It is not uncommon for company founders to bring venture capitalists on board during the start-up phase. The founders often do not contemplate a later exit from “their company”. They want to build up the company in the long term. But this is different with venture capital investors. When they acquire shares, they are thinking about a successful exit later on.
Already when acquiring shares to the company, a later conflict of interest between founders and investors therefore becomes apparent. It is usually reflected in the rules for the sale of shares: One rule serves the existing shareholders (tag-along), the other the investor and his successors (drag-along).

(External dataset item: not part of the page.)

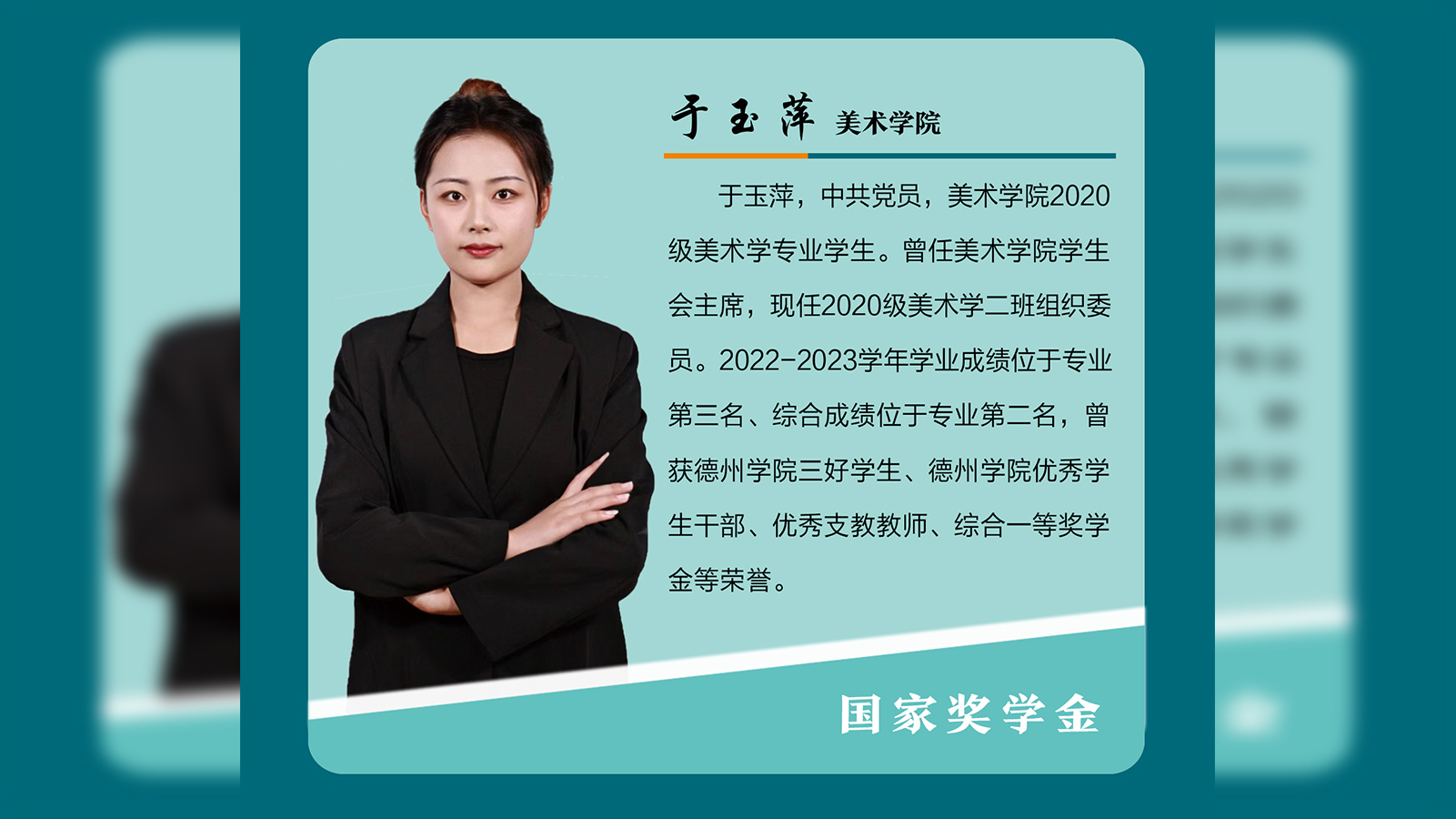 于玉萍,中共党员,美术学院2020级美术学专业学生。曾任美术学院学生会主席,现任2020级美术学二班组织委员。2022-2023学年学业成绩位于专业第三名、综合成绩位于专业第二名,曾获Beat365唯一官方网站三好学生、Beat365唯一官方网站优秀学生干部、优秀支教教师、综合一等奖学金等荣誉。信心坚定,向党靠拢于玉萍同学思想上积极要求进步,热爱祖国,拥护中国共产党的领导。她诚实守信,遵守学校的规章制度。在大一时,她就主动递交了入党申请书,积极...
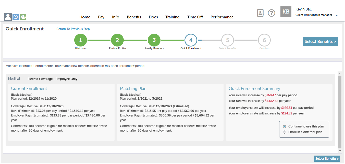 Quick Enrollment is a step during the open enrollment process. During this step, employees will see side-by-side information related to the cost comparison from the current and new year plans for the same coverage. Employees can then elect to keep the same coverage or review other plans to manage their benefits costs more effectively.

Every change of shareholders entails risks for the remaining shareholders. This is why shareholder agreements normally stipulate restrictions: shareholders may only sell their shares with the consent (of a majority) of the remaining shareholders. However, such a restriction typically does not apply to investors. They want to freely dispose of their shares at the right time.
By using the tag-along right, the existing shareholders may sell their shares as well (at the same economic conditions). This makes sense, because a new shareholder, who has not been chosen by the existing shareholders, may significantly influence the company’s business. This can lead to unpleasant surprises for the existing shareholders, for example when it comes to appointing managing directors. In addition, with a tag-along right, the existing shareholders will participate in the value gain that has been made possible by the investor.
What happens, however, if the acquirer does not want to take over the additional shares of the existing shareholders? Then either the deal has to be called off or the investor has its way and only its shares are sold. A mediating solution is to allow all shareholders to sell at the same proportionate amount in relation to their existing shares. Another idea is to impose an obligation on the investor to acquire the shares of the existing shareholders.
In contrast, a drag-along clause is rather unpleasant for the existing shareholders. It imposes an obligation to sell. Buyers usually want to acquire certain majorities in the company which allow them to determine the company’s policy. In order to sell to such buyers, the investor will want to oblige the existing shareholders to (partially) sell their shares as well. This is a serious encroachment on the rights of the existing shareholders, who lose their position as shareholders against their will. If drag-along clauses are too aggressive, they may be invalid under applicable law.
But existing shareholders can also protect themselves. They may require that a certain percentage of the existing shareholders need to consent before the co-sale obligation is triggered. They can also shield themselves from low prices for their shares by using company valuation methods as a lower limit. Guarantees and warranties can be limited to the extent customary for the type of transaction. The investor can be made liable for a sale on unfavourable terms. Involving a representative of the existing shareholders in the sales negotiations can ensure transparency and participation.
From the point of view of existing shareholders who accept an “external” investor, a tag-along provision makes sense. The negative effects for investors of such a right of sale can be limited, which however weakens the rights of the existing shareholders.
The drag-along provision is important for investors. It is often a condition for the investment. Since an obligation to sell interferes with shareholders’ rights, existing shareholders should make sure that it is kept within certain bounds.